Task goal: Pictures aside, can you reproduce the records word for word?

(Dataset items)
--- START ---
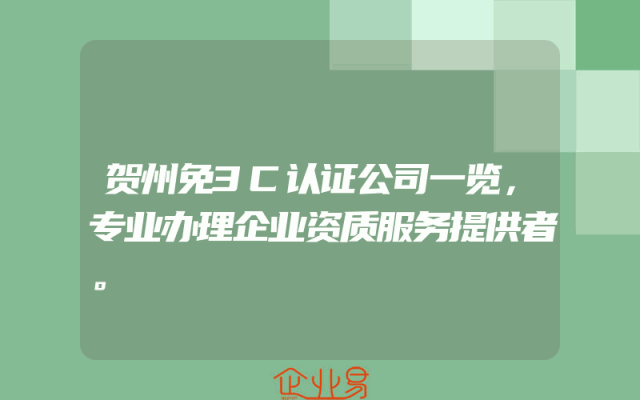 - 贺州免3C认证公司一览,专业办理企业资质服务提供者。
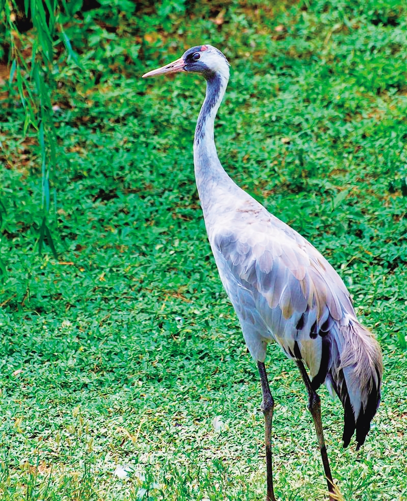 別名千歲鶴、玄鶴、番薯鶴、普通鶴、元鶴。通體羽色幾乎全為灰色;前額和眼先黑色,頭頂裸區(qū)部分呈朱紅色,喉、前頸和后頸灰黑色;自眼后有一道寬的白色條紋伸至頸背;眼虹膜紅褐色或深紅色;嘴暗綠色,先端顏色略淡;脛、跗跖及趾均為灰黑色。(來(lái)源:安康市林學(xué)會(huì))
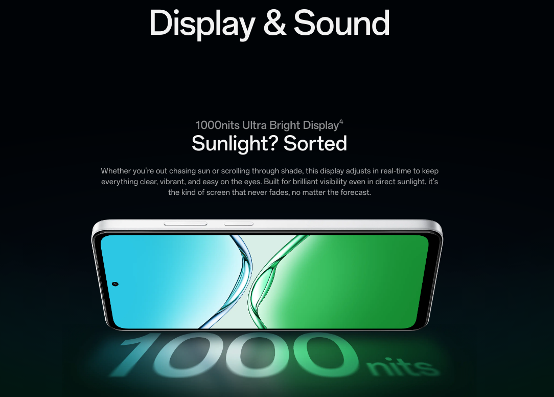 سواءً كنت تحت أشعة الشمس أو في الداخل، تتكيف الشاشة، مقدمةً وضوحًا ساطعًا ونابضًا بالحياة حتى في الإضاءة الشديدة. مع معدل تحديث يصل إلى 120 هرتز لعرض صور فائقة السلاسة وسطوع يضفي حيوية إضافية على أي مشاهدة متواصلة.
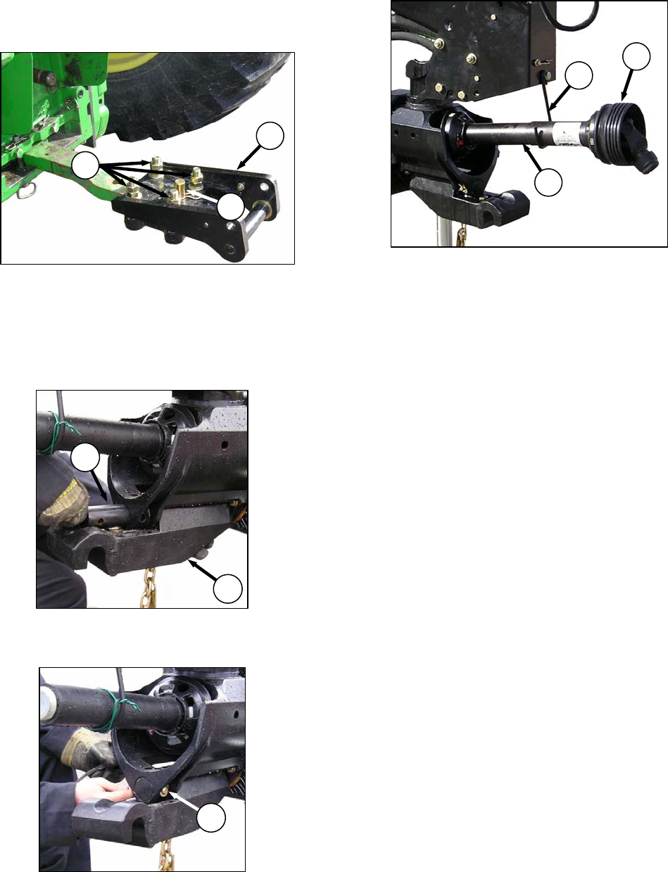 h. Locate PTO shaft in hook (J).
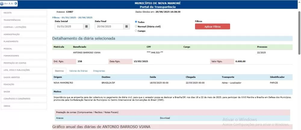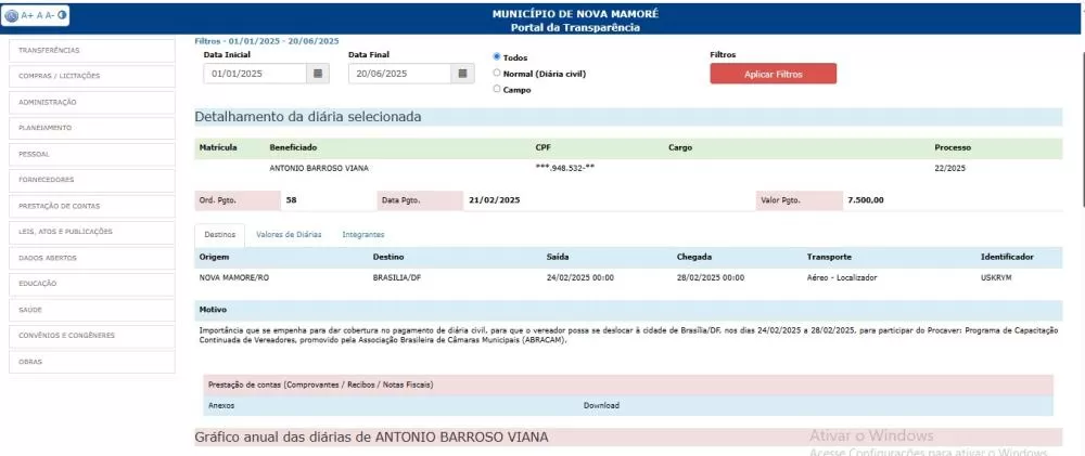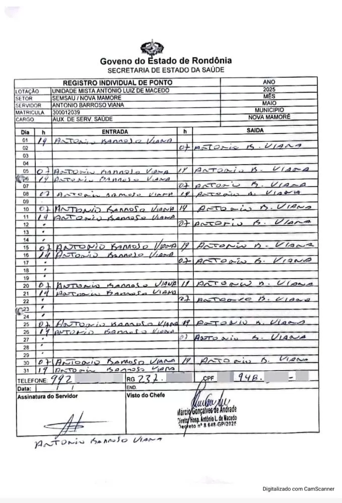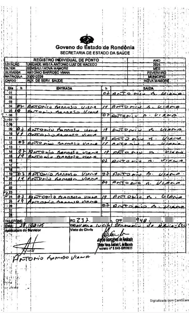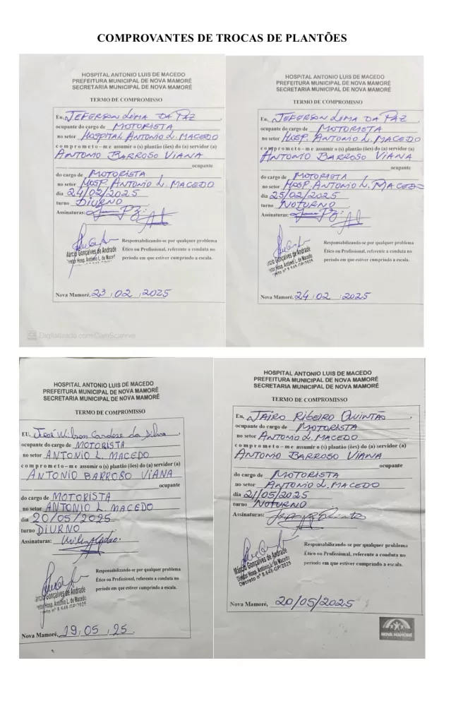De acordo com os documentos obtidos pela reportagem, a situação teria ocorrido em dois momentos distintos neste ano de 2025, envolvendo viagens institucionais do parlamentar à capital federal, ao mesmo tempo em que ele constava como presente em seu local de trabalho no Hospital Municipal Antônio Luiz de Macedo, em Nova Mamoré.
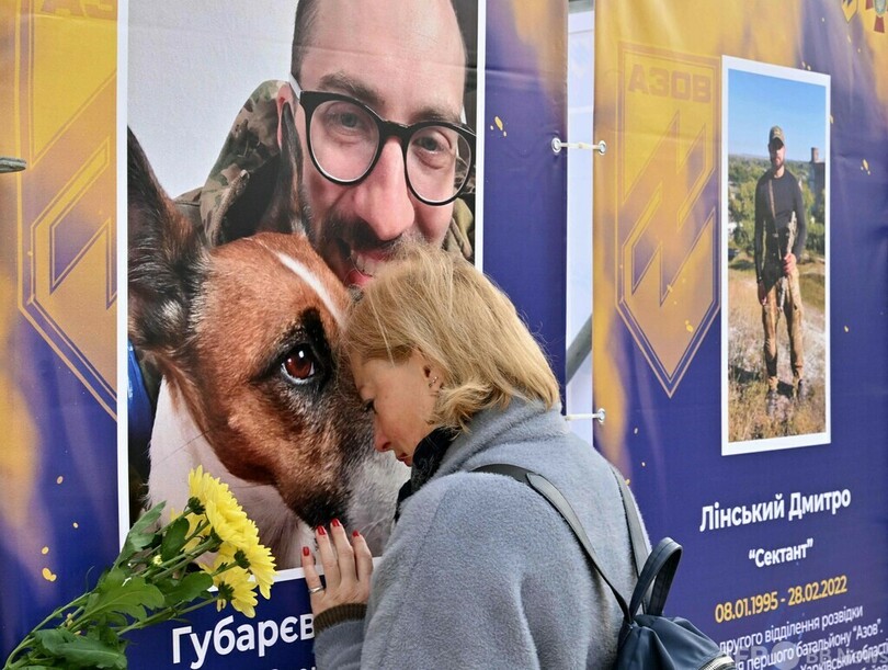 【10月15日 AFP】ウクライナは14日、ロシアによる侵攻後初めて「ウクライナ防衛者の日」を迎えた。首都キーウ中心部では野外展「アゾフ連隊─マリウポリの天使たち(Azov Regiment - Angels of Mariupol)」が開幕し、展示されている戦死者の遺影の前で涙を流す親族の姿も見られた。
--- END ---
Written response:
 - 贺州免3C认证公司一览,专业办理企业资质服务提供者。
 別名千歲鶴、玄鶴、番薯鶴、普通鶴、元鶴。通體羽色幾乎全為灰色;前額和眼先黑色,頭頂裸區(qū)部分呈朱紅色,喉、前頸和后頸灰黑色;自眼后有一道寬的白色條紋伸至頸背;眼虹膜紅褐色或深紅色;嘴暗綠色,先端顏色略淡;脛、跗跖及趾均為灰黑色。(來(lái)源:安康市林學(xué)會(huì))
 سواءً كنت تحت أشعة الشمس أو في الداخل، تتكيف الشاشة، مقدمةً وضوحًا ساطعًا ونابضًا بالحياة حتى في الإضاءة الشديدة. مع معدل تحديث يصل إلى 120 هرتز لعرض صور فائقة السلاسة وسطوع يضفي حيوية إضافية على أي مشاهدة متواصلة.
 h. Locate PTO shaft in hook (J).
De acordo com os documentos obtidos pela reportagem, a situação teria ocorrido em dois momentos distintos neste ano de 2025, envolvendo viagens institucionais do parlamentar à capital federal, ao mesmo tempo em que ele constava como presente em seu local de trabalho no Hospital Municipal Antônio Luiz de Macedo, em Nova Mamoré.
 【10月15日 AFP】ウクライナは14日、ロシアによる侵攻後初めて「ウクライナ防衛者の日」を迎えた。首都キーウ中心部では野外展「アゾフ連隊─マリウポリの天使たち(Azov Regiment - Angels of Mariupol)」が開幕し、展示されている戦死者の遺影の前で涙を流す親族の姿も見られた。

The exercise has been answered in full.